Pablo Stoll from Uruguay in Sitges with zombie photo ‘Summer Hit’
Leading Chilean producer Florencia Larrea (“My Tender Matador”), formerly of Forastero, has launched a new all-female company, 500 Cinema, based in the coastal town of Viña del Mar, where she and her partners are based. “Chile is too vast and beautiful a country to concentrate everything in Santiago,” Larrea noted.
500 Cinema serves as the film production arm of 500 Nanómetros – an innovation-focused media agency founded by Antonia Valenzuela and Valentina Ripamonti.
“After leaving Forastero, I started as creative director at 500 Nanómetros, a company with a long history in new media and immersive projects that always tries to challenge the boundaries of creativity. Antonia and Valentina also saw in the kind of films I made a space to continue developing innovative narrative projects. I saw in them great professionals and people with whom I could embark on a new adventure. So of course I brought my catalogue, and they brought their knowledge of project development and management,” says Larrea, adding: “500 Nanómetros is led by women, and I really like that too.”
Indeed, female producers abound in South America, despite its misogynistic culture. Part of the credit goes to the #metoo movement. Women also enter professions that were previously male-dominated. There are a growing number of female directors and writers, as well as DPs and more in art, sound design and editing.
Aiming to focus on genre cinema that challenges technical and narrative conventions, 500 Cinema makes its debut with Uruguayan filmmaker Pablo Stoll’s zombie film “Summer Hit” (“El Tema del Verano”), which will have its world premiere at the Sitges Film Festival . trailer only Variety. The next project is ‘Invunche’, planned for next year.
“Summer Hit” has been selected as the official feature for Sitges’ wildly popular zombie street parade, the Zombie Walk, and will be shown in the Midnight X-Treme sidebar of the prominent Spanish genre festival. Pic marks Stoll’s third feature as a sole director, following hits such as ’25 Watts’ and ‘Whisky’, which he co-directed with Juan Pablo Rebella.
Described as a “unique experience that combines rom-com, heist film and zombie horror on the sunny beaches of Uruguay,” “Summer Hit” follows Felipe and Ana, who find themselves on a beach after a year and a half of pandemic lockdown. Ana, along with her friends Malú and Martina, are small-time thieves who seduce, drug and steal from rich men.

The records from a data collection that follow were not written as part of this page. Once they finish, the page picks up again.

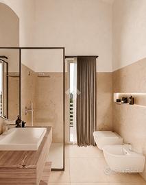 Un secondo disimpegno porta all'altra zona notte, in cui sono ospitate un'accogliente camera matrimoniale e una spaziosa camera doppia, entrambe servite da un elegante bagno finestrato.
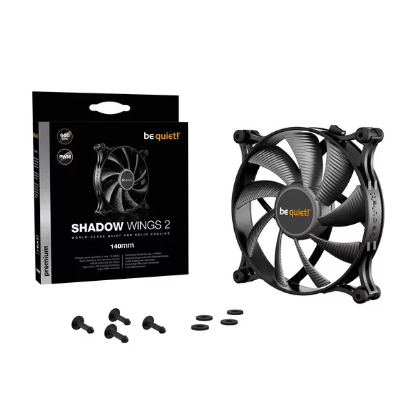 Be Quiet! Cooler 14cm - SHADOW WINGS 2 140mm PWM (900rpm, 14,9dB, fekete)
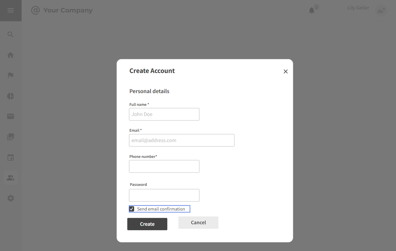 - Enables input of personal and company details efficiently.
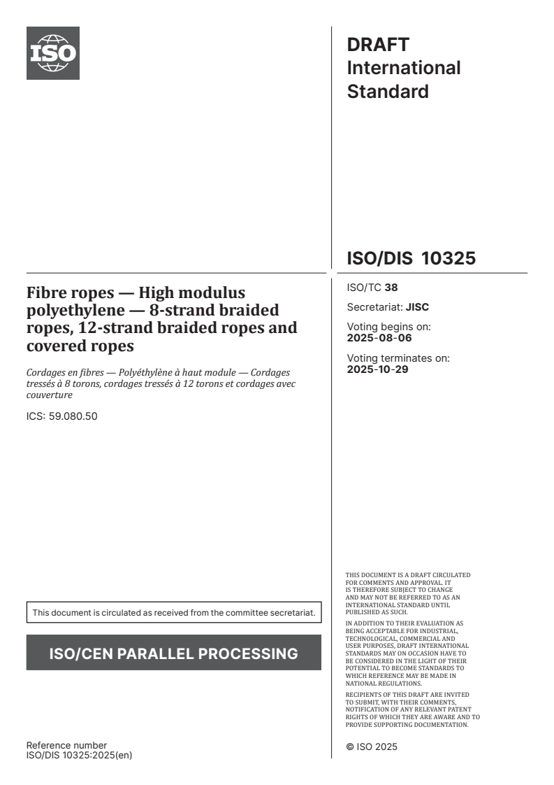 ISO/FDIS 10325 - Fibre ropes — High modulus polyethylene — 8-strand braided ropes, 12-strand braided ropes and covered ropes/11/2025
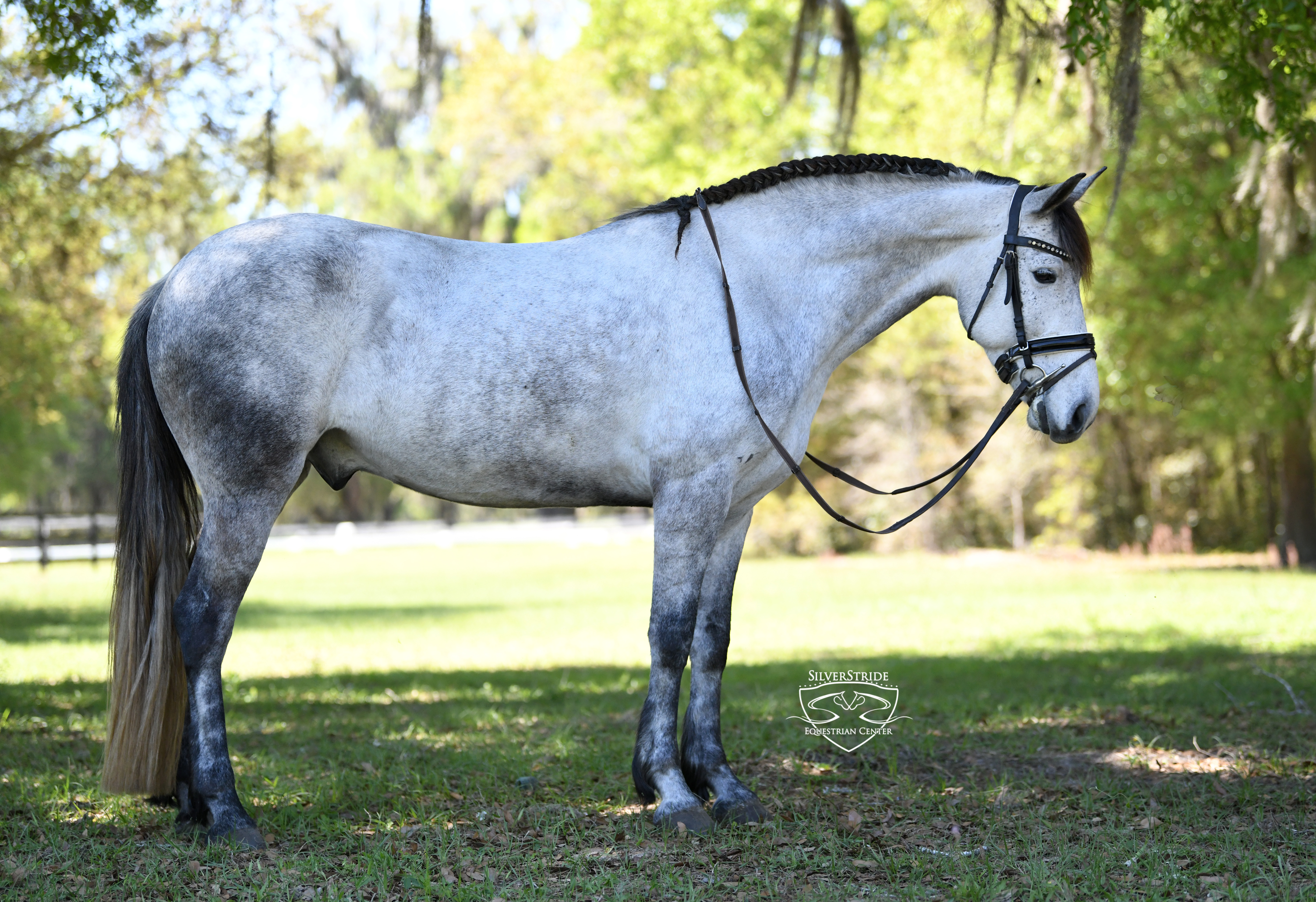 Winter Wonderland is a stunning dapple grey unicorn looking to make all your dreams come true. Coolio, as we call him in the barn, is such a sweet heart. He is a puppy dog personality type that simply wants head scratches and love. He has three lovely gaits. His canter feels like you are on a cloud. He is smooth, simple, steady, and easy going. Coolio has been dabbling in a bit of everything. From cross country, trails, low level dressage, stadium, kidlet rides, and hacking out regularly. Coolio has traveled off property on a regular basis always proving himself to be the same horse wherever he goes. He is happy in any direction. Whether it’s dressage, jumping, or a trail ride, he is your go to guy. He is a pleasure to be around in the barn. He is a no fuss guy, easy going, and an easy keeper. He is gentle, kind, easy to love, and certainly easy on the eyes. He goes whatever pace you ask. He really is the perfect adult amateur/ kiddo pace that everyone is searching for. Coolio is not a hot horse or a slug to move around either. He is simply beautifully steady, fun, and super enjoyable. Loads, ties, and trailers. He gets along well with others and is just a laid back, fun boy. He is barefoot with clean xrays on file. Coolio stands 15.2h. No vices, issues, or quirks. Ocala, Fl. No holds. Sale only.

For this post-pandemic summer, they have planned their biggest heist yet: robbing Ramiro Tübingen, an eccentric millionaire and patron of dilettante artists. At the country house in Tübingen they meet Tito, the landlord and his artist guests. However, their plans go awry when they accidentally kill their victims instead of just putting them to sleep. “This wouldn’t be a problem if the dead stayed dead, but this summer the dead aren’t dying,” the synopsis reads.
According to Stoll, the concept for “Summer Hit” started years ago. Stoll said: “While discussing film with Florencia Larrea in a bar in Santiago, I shared this idea about some girls who rob on the beach and accidentally end up in a zombie-infested situation. Although it took longer than we expected, here we are: many years later, with the summer zombie movie we wanted to make.”
“The first movie I saw on VHS was a zombie movie and I’ve always wanted to make one ever since,” he said. Varietyand added, “Unlike many filmmakers who start with zombies, I started somewhere else, and after making four films, this idea came to me.”
“When it comes to genre films, we can’t forget that it is the cinema we grew up with, the film we watched as teenagers on children’s television, at matinees and on VHS. The idea of making a zombie movie goes back to the first movie I saw on VHS: ‘Virus’ by Italian director Bruno Mattei, although he gave the name Vincent Dawn. “Virus,” also known as “Hell of the Living Dead,” is an Italian production in English that is full of blood and guts and kept me awake for several days,” he said.
The main cast includes Azul Fernández (“Merlí Sapere Aude”), Malena Villa (“El Ángel”, Débora Nishimoto (“Pr1nc3s4”), Sebastian Iturria (“El Año de la Furia”) and Agustín Silva (“La Nana”) The film also features a special appearance by Uruguayan actor-director Daniel Hendler his third attempt at directing “A Loose End” at WIP Latam in San Sebastian.
“Summer Hit” is a co-production of 500 Cinema, Stoll’s Temperamento Films and Nadador Cine from Uruguay, founded by Pedro Barcia and Juan José López, known for the films “The Employer and the Employee”, who represented Uruguay at the 2022 Oscars and Celina Murga’s ‘The Freshly Cut Grass’, presented at this year’s Tribeca Film Festival and with Martin Scorsese as executive producer.